### What is expected
Strip out all images, then restate the data verbatim.

### Collected material
****************************************
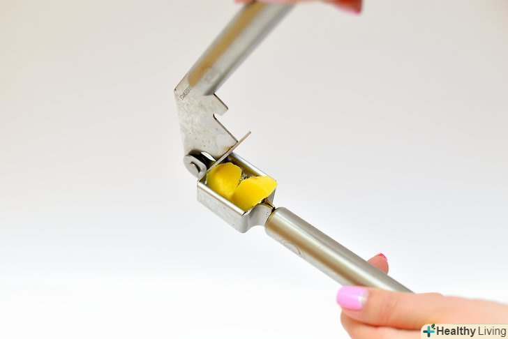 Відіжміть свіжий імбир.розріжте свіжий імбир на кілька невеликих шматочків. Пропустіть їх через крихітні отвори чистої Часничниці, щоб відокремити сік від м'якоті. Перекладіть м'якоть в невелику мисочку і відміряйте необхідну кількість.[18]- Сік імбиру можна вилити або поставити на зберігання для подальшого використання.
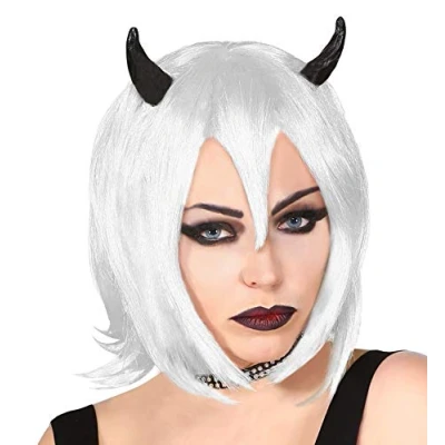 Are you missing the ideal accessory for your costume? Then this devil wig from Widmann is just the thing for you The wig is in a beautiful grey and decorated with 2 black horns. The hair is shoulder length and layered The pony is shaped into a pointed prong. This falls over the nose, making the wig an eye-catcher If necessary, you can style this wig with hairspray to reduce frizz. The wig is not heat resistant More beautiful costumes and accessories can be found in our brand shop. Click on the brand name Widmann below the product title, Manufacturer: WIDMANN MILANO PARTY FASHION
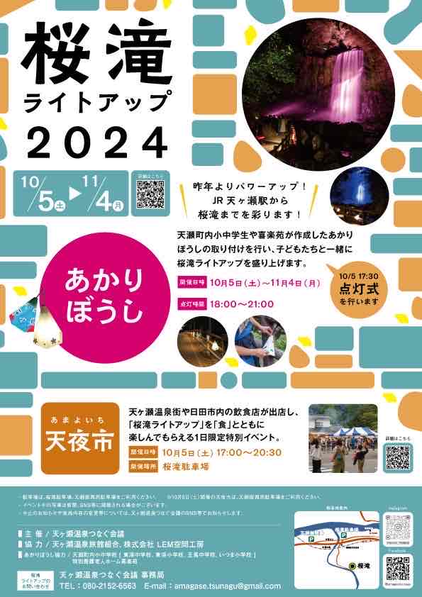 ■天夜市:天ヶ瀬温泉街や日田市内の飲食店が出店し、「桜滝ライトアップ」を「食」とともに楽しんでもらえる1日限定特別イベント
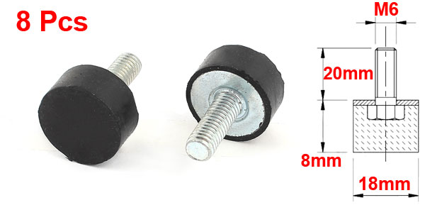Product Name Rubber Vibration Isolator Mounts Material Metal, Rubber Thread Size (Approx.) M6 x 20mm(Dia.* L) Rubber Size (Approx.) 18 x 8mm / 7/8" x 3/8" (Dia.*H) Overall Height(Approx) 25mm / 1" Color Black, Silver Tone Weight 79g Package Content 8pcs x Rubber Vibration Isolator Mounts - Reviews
****************************************
### Solution for this exercise
 Відіжміть свіжий імбир.розріжте свіжий імбир на кілька невеликих шматочків. Пропустіть їх через крихітні отвори чистої Часничниці, щоб відокремити сік від м'якоті. Перекладіть м'якоть в невелику мисочку і відміряйте необхідну кількість.[18]- Сік імбиру можна вилити або поставити на зберігання для подальшого використання.
 Are you missing the ideal accessory for your costume? Then this devil wig from Widmann is just the thing for you The wig is in a beautiful grey and decorated with 2 black horns. The hair is shoulder length and layered The pony is shaped into a pointed prong. This falls over the nose, making the wig an eye-catcher If necessary, you can style this wig with hairspray to reduce frizz. The wig is not heat resistant More beautiful costumes and accessories can be found in our brand shop. Click on the brand name Widmann below the product title, Manufacturer: WIDMANN MILANO PARTY FASHION
 ■天夜市:天ヶ瀬温泉街や日田市内の飲食店が出店し、「桜滝ライトアップ」を「食」とともに楽しんでもらえる1日限定特別イベント
Product Name Rubber Vibration Isolator Mounts Material Metal, Rubber Thread Size (Approx.) M6 x 20mm(Dia.* L) Rubber Size (Approx.) 18 x 8mm / 7/8" x 3/8" (Dia.*H) Overall Height(Approx) 25mm / 1" Color Black, Silver Tone Weight 79g Package Content 8pcs x Rubber Vibration Isolator Mounts - Reviews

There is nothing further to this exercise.